Another assumption that we may dispense with is that the Apostolic Succession of bishops is not to be found in Scripture. The Bible does not explain Apostolic Succession, but it does model it and demonstrate it as a charismatic reality (II Timothy 1:6, Titus 1:5) . And, it does so in the same spirit of Article XXIII, that is, with an emphasis on more than a sacramental relay race, or spiritual genealogy, of who laid hands on whom. For, in itself, that could be nothing more than a “historic episcopate” that even an atheist would have to acknowledge. No. Along with that sacramental line of Succession must be a public ministry that proclaims the true Gospel and that both teaches and defends sound doctrine (II Timothy 2:2).
Anglicanism in its expressed priorities, including the Ordinal as well as Article XXIII, rightly places equal emphasis on the ministry of the Word and the Sacraments. It was necessary to get away from the Roman perception that the priesthood is almost exclusively about celebrating the Eucharist.

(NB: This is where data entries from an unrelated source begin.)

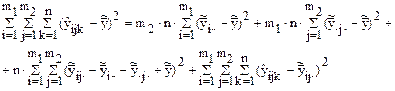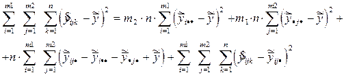 Можно показать, что в результате получим следующее выражение, являющееся основным тождеством вариаций дисперсионного анализа: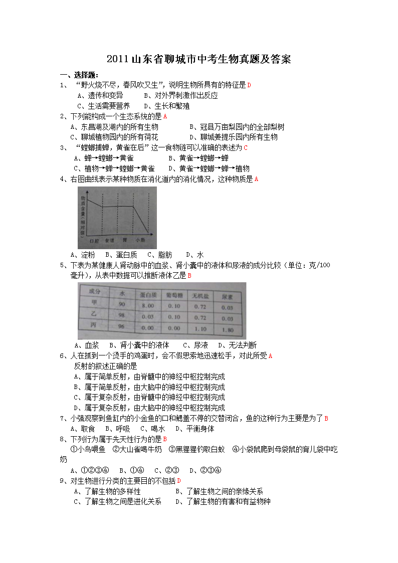 【文档名称】 2011山东省聊城市中考生物真题及答案(Word版).doc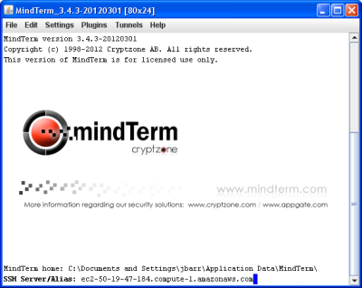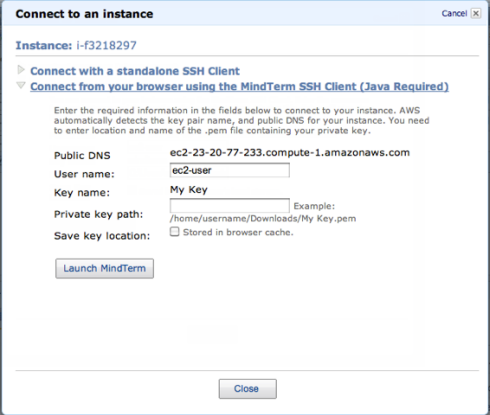 We’ve integrated the MindTerm SSH client into the AWS Management console to simplify the process of connecting to an EC2 instance. There’s now second option on the Connect window: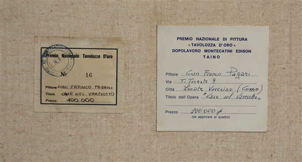Pagani, "Case nel varesotto", olio su tela (cm 50x70) firmato e datato in basso a destra (etichette a retro)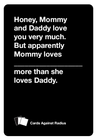 The Card Czar shuffles all of the answers and shares each card combination with the group. For full effect, the Card Czar should usually re-read the Black Card before presenting each answer. The Card Czar then picks a favorite, and whoever played that answer keeps the Black Card as one Awesome Point.

Therefore, our Ordinal restored balance with a proper understanding of the office and work of the πρεσβύτερος (presbyteros) summed up in the words, “…And be thou a faithful Dispenser of the Word of God, and of his holy Sacraments…” That simple direct phrase says what needs to be said.

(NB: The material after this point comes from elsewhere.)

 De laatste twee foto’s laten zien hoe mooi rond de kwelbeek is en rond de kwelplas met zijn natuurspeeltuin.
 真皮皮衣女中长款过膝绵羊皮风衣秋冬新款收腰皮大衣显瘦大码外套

Article XXIII, the Ordinal, the Canon Law and the rubrics, all prove that Anglicanism has no room for Lay Administration or any other kind of innovation. The Church has been plagued by innovations from many quarters, including Rome, including Enthusiastic Sects, and in modern times, including the Diocese of Sydney. For order, sacramental validity, pastoral care, proclamation and teaching of God’s word, and defense of sound doctrine, God provides the public ministry that was established by Christ Himself through His Apostles, endowed by every gift of the Holy Spirit.
Article XXIV borrows a Biblical principle from an ancient historical context, one with a different emphasis, and a different problem. The Church in Corinth was so enamored with spiritual gifts, almost to the point of Enthusiasm, that they practiced public speaking in unknown tongues that did not serve to edify the people (I Corinthians 14). So too, Latin in the ears of people who could not understand it, might well have edified the priests because of their education; but, the people were left out of the very act of prayer and worship. And they did not hear the word of God, as liturgy ceased to be the people’s sacrifice of praise and thanksgiving, and became exclusively the property of priest craft.
The problem was, therefore, very similar to what had long ago been addressed by Saint Paul: “For if the trumpet give an uncertain sound, who shall prepare himself to the battle? So likewise ye, except ye utter by the tongue words easy to be understood, how shall it be known what is spoken? for ye shall speak into the air… Else when thou shalt bless with the spirit, how shall he that occupieth the room of the unlearned say Amen at thy giving of thanks, seeing he understandeth not what thou sayest? For thou verily givest thanks well, but the other is not edified (I Corinthians 14:8,9, 16,17).”
“So then faith cometh by hearing, and hearing by the word of God (Romans 10:17).” The people’s faith must be built up and fanned into flame. Neither uninterrupted tongues, Latin not understood, nor silence, includes the people in worship and prayer, nor permits them to hear the word of God and believe.